# Source data:
========================
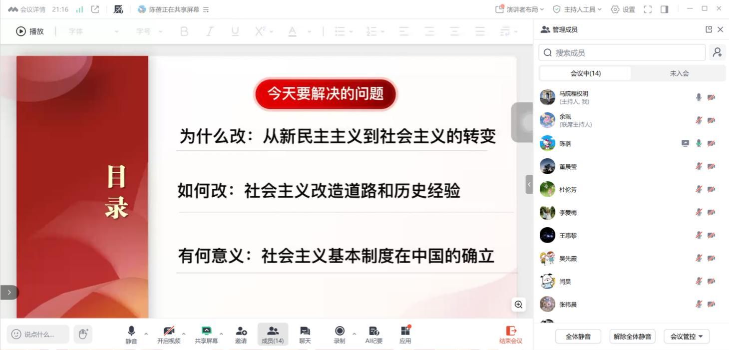 为进一步提升《毛泽东思想和中国特色社会主义理论体系概论》(以下简称“毛概”)课程教学质量,增进教师间的交流与合作,毛概教研室于 2025年9月17日,通过腾讯会议召开了本学期第四次集体备课会。本次备课会由教研室主任程权明主持,陈蓓老师和王惠黎老师通过说课的形式分别围绕“第三章 社会主义改造理论”和“第四章 社会主义建设道路初步探索的理论成果”的内容分享备课心得体会,全体毛概课授课教师共同参与,就该部分教学内容与方法展开了深入研讨。
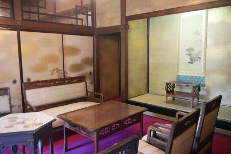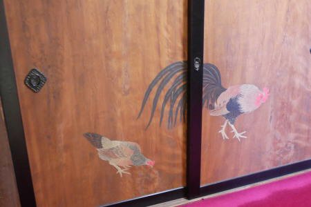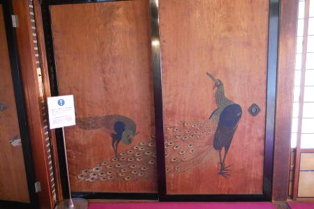 三井八郎右衛門邸(2)、4、6枚目は丸山四条派による杉戸襖に書かれた尾長鶏、孔雀の絵
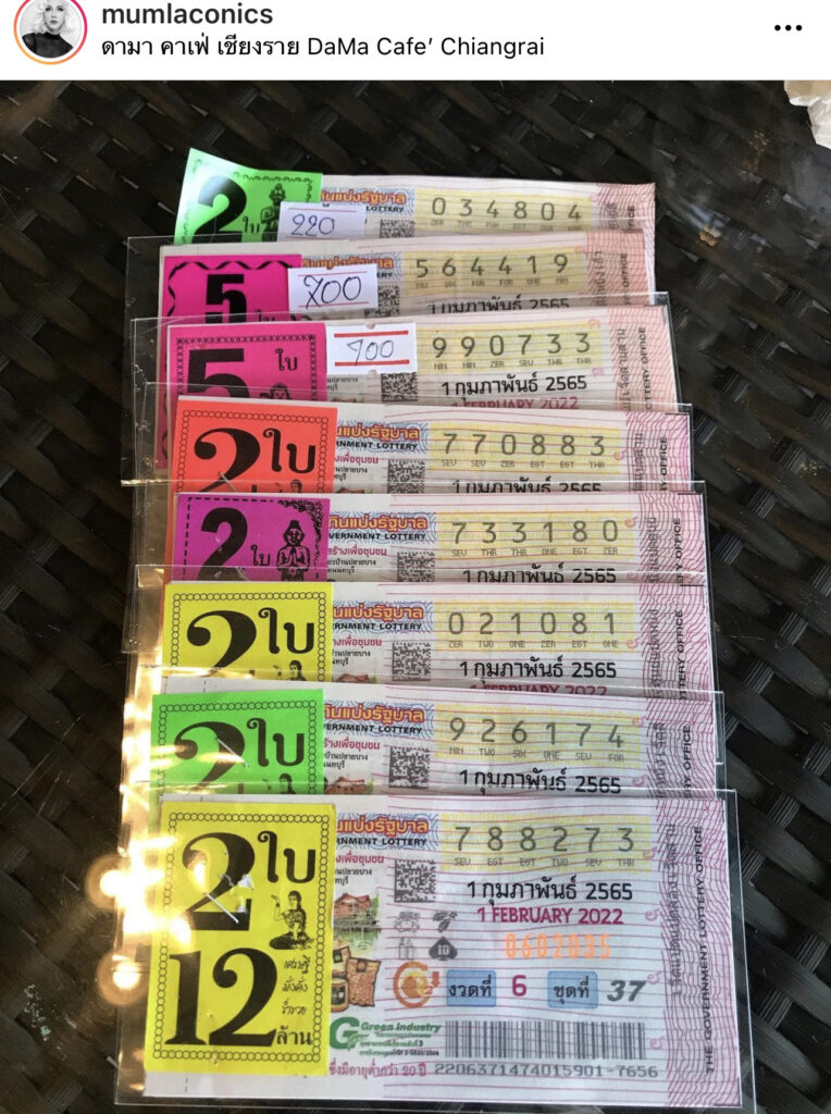 ต่อด้วย “มัม ลาโคนิค“เป็นอีกคนในวงการบันเทิงที่สร้างความฮือฮาให้คอหวยหนักมาก เพราะงวดที่แล้วเธอฟาดรางวัลไปไม่เบา งวดนี้มาจัดต่อโดยเจ้าตัวได้ฟาดเลขเด็ดโพสต์ภาพล็อตเตอรี่ที่เจ้าตัวซื้อลงในไอจีส่วนตัวเพื่อให้คอหวยทั้งหลายต่างส่อง ซึ่งประกอบไปด้วย 034804, 564419, 990733, 770883, 733180, 021081, 926174 และ 788273 พร้อมแคปชั่น“ซื้อแค่นี้แหละ โปรดใช้วิจารณญาณในการรับชม“# ล็อตเตอรี่เชียงราย #ดวงใครดวงมัน
========================
# Directions for this task:
Skip all pictures. Then give again, exactly, each line from the line holding "三井八郎右衛門邸(2)、4、" through the last line of the listing above, both ends included.

# Result of the task:
 三井八郎右衛門邸(2)、4、6枚目は丸山四条派による杉戸襖に書かれた尾長鶏、孔雀の絵
 ต่อด้วย “มัม ลาโคนิค“เป็นอีกคนในวงการบันเทิงที่สร้างความฮือฮาให้คอหวยหนักมาก เพราะงวดที่แล้วเธอฟาดรางวัลไปไม่เบา งวดนี้มาจัดต่อโดยเจ้าตัวได้ฟาดเลขเด็ดโพสต์ภาพล็อตเตอรี่ที่เจ้าตัวซื้อลงในไอจีส่วนตัวเพื่อให้คอหวยทั้งหลายต่างส่อง ซึ่งประกอบไปด้วย 034804, 564419, 990733, 770883, 733180, 021081, 926174 และ 788273 พร้อมแคปชั่น“ซื้อแค่นี้แหละ โปรดใช้วิจารณญาณในการรับชม“# ล็อตเตอรี่เชียงราย #ดวงใครดวงมัน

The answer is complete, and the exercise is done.